- Work task
All of the listing is to be written out word for word, with the pictures left out.

- Collected material
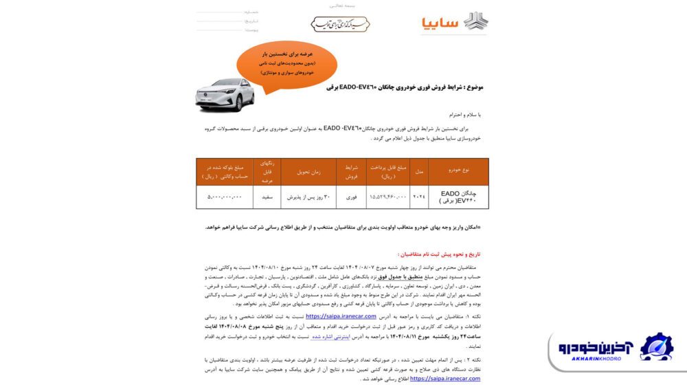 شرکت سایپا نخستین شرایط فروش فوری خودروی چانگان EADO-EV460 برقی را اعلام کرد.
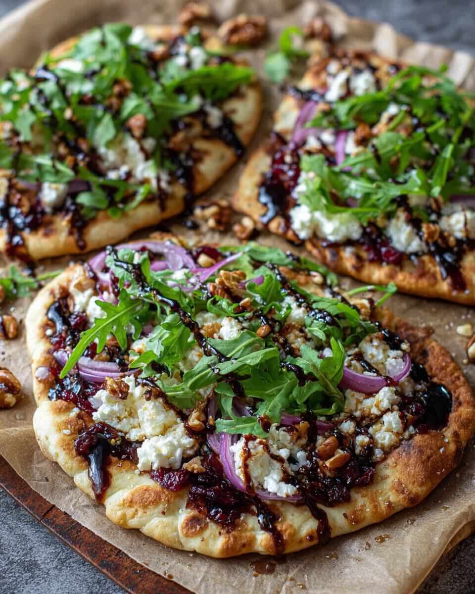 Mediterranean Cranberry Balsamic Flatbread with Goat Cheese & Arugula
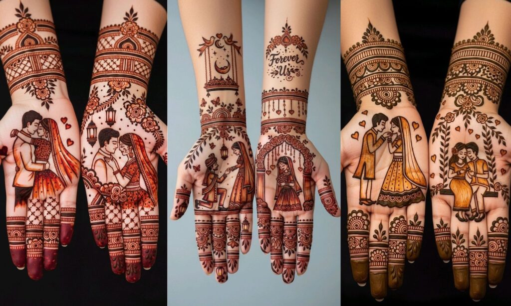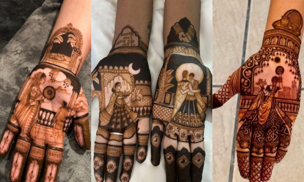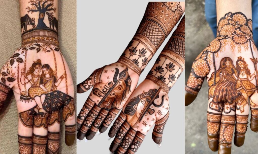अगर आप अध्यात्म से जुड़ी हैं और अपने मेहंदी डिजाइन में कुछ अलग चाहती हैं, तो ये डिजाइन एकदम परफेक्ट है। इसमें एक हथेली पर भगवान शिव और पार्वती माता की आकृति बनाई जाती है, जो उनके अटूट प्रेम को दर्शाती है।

- Answer to this problem
 شرکت سایپا نخستین شرایط فروش فوری خودروی چانگان EADO-EV460 برقی را اعلام کرد.
 Mediterranean Cranberry Balsamic Flatbread with Goat Cheese & Arugula
अगर आप अध्यात्म से जुड़ी हैं और अपने मेहंदी डिजाइन में कुछ अलग चाहती हैं, तो ये डिजाइन एकदम परफेक्ट है। इसमें एक हथेली पर भगवान शिव और पार्वती माता की आकृति बनाई जाती है, जो उनके अटूट प्रेम को दर्शाती है।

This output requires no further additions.